Refined Impact Protrusion Process

Posted by: gbeer

Refined Impact Protrusion Process - 19/06/2013 18:38

It's a big @#$$ed coke can! smile

The new mac pro desktop.
Posted by: mlord

Re: Refined Impact Protrusion Process - 19/06/2013 19:50

I wonder if anyone is already selling wrap-around sticker kits to give the full coke (or trash..) can experience?

Business Op!
Posted by: drakino

Re: Refined Impact Protrusion Process - 19/06/2013 20:45

I am curious to see the machine in person, along with pricing information. It's however still a few months out, with a lot of questions yet to be answered. I'm going to wait and see before I judge it completely.

For any Apple developers out there, check out the WWDC video "Painting the future". Shows what some are already doing with the new Mac workstation.

Some aspects of the hardware do remind me of the G4 Cube. Though without the satisfying handle to remove the core.
Posted by: peter

Re: Refined Impact Protrusion Process - 20/06/2013 12:07

The most interesting thing to me about the Mac Pro Mini is how they go on about how many 4K displays it'll support. If Apple start coming out with 4K displays, or at least if Dell and friends start getting hold of the same panels and doing less Apple-y ones, then that'll be a Good Thing.
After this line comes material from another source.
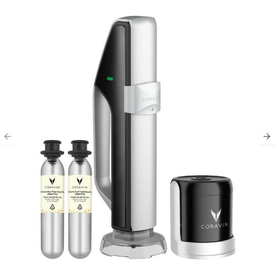- 2 Capsule Sparkling Coravin Pure:  preservano il sapore e l'effervescenza del tuo vino. Ogni capsula permette di conservare fino a 7 bottiglie standard.

HDMI 1.4 will only do 4K at 24Hz refresh, but that's enough for emacs smile

Peter
Posted by: DWallach

Re: Refined Impact Protrusion Process - 20/06/2013 14:55

I found it interesting that the new MacBook Air can't drive a 4k monitor. It appears that it requires beastly fast GPUs to really do the job properly, and that's something the new Mac Pro is clearly engineered to deliver.

I'm not sure whether to be excited at the opportunity to buy an awesome monitor for $4000 or not. On the one hand, you can buy a very good 24" monitor these days for $300 (or less). The 27" monitors like Apple's are much more expensive, although Monoprice has one for $390. I'm hoping that Monoprice will come to the rescue and deliver 32" 4K displays for a better price.

Meanwhile, I'm pondering the first LCD display I ever bought: an Apple 23" Cinema HD display. That originally listed for $3499 (1920x1200 pixels) and it was a staggeringly awesome upgrade from my previous CRT. His Steveness disliked power cords, so he had them tack on some power pins and USB with DVI to create Apple's proprietary ADC, eventually requiring me to buy an annoying adapter for subsequent computers that only had DVI.
Posted by: drakino

Re: Refined Impact Protrusion Process - 20/06/2013 15:15

The new MacBook Air has Thunderbolt 1, thus is still using Displayport 1.1. It takes Thunderbolt 2 to gain Displayport 1.2, with the support for 3840x2160 x 30bpp @ 60Hz (4k) displays.

I'm wondering if Apple is holding up Haswell MacBook Pro updates for a Thunderbolt 2 upgrade. Would make sense for their Pro laptops to gain 4K support ahead of the Air. Just frustrating since I need a Pro laptop for work here soon.